Mireille Knoll (Photo: Facebook)

Two men accused of killing 85-year-old Holocaust survivor Mireille Knoll have gone on trial in what French prosecutors say was an antisemitic attack.

The suspects, 31-year-old Yacine Mihoub and Alex Carrimbacus, 25, reportedly met in prison while serving earlier sentences for robbery, violence and sexual assault.

Knoll’s body was discovered in March 2018 with multiple stab wounds. Her flat had been set on fire.

The killing prompted tribute marches around France to honour her memory and President Emmanuel Macron attended her funeral.

Knoll fled Paris in 1942 at the age of nine as the authorities began to round up local Jews and herd them into the Vel d’Hiv stadium.

Around 13,000 people were sent from the stadium to the Auschwitz death camp. Fewer than 100 survived.

Knoll was helped by a family member with Brazilian citizenship who arranged an escape through southern European and Canada.

Her son Daniel told the Associated Press that she returned to France after the war and remained in her modest apartment even as her grandchildren relocated to Israel.

He said one of suspects in the trial lived in the same apartment complex as his mother and had been frequently hosted by her.

Both Mihoub and Carrimbacus are understood to blame the other for Knoll’s death.

Gilles-William Goldnadel, a lawyer for Knoll’s son, said: “It will take a miracle for the truth to come out of their mouths.”

But he told The Guardian that the evidence against the pair was overwhelming, describing the killing as “heinous antisemitism”
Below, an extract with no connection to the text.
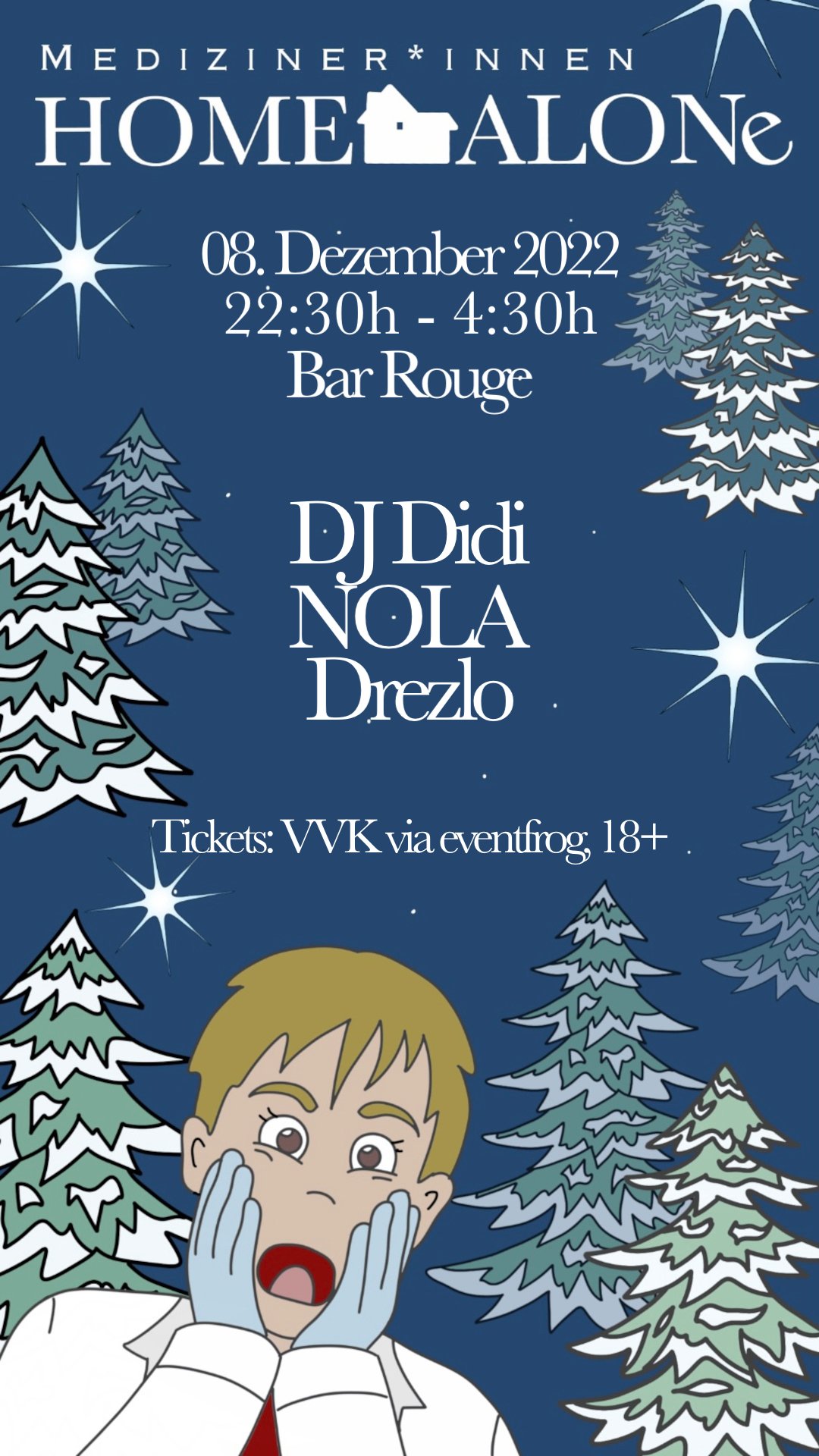 Genau! Mir sind wieder zrug! Am 8. Dezember findet die nöchsti Party in dr Bar Rouge statt. Passend zur Jooreszit isch au s Motto: Mediziner*Inne Home Alone. It’s an all-white Christmas! Eures Outfit dörf so wiis si wie de Schnee oder so glitzere wie e Christbaumkugele.

The trial, which is expected to run until the middle of November, follows widespread outrage at a court verdict concerning the murder of another Jewish woman, Sarah Halimi.

Halimi’s killer was deemed not criminal responsible because he had succumbed to a “delirious fit” after smoking cannabis.

It prompted Macron and Eric Dupond-Moretti, France’s justice minister, to promise new legislation that would close the so-called “cannabis loophole”.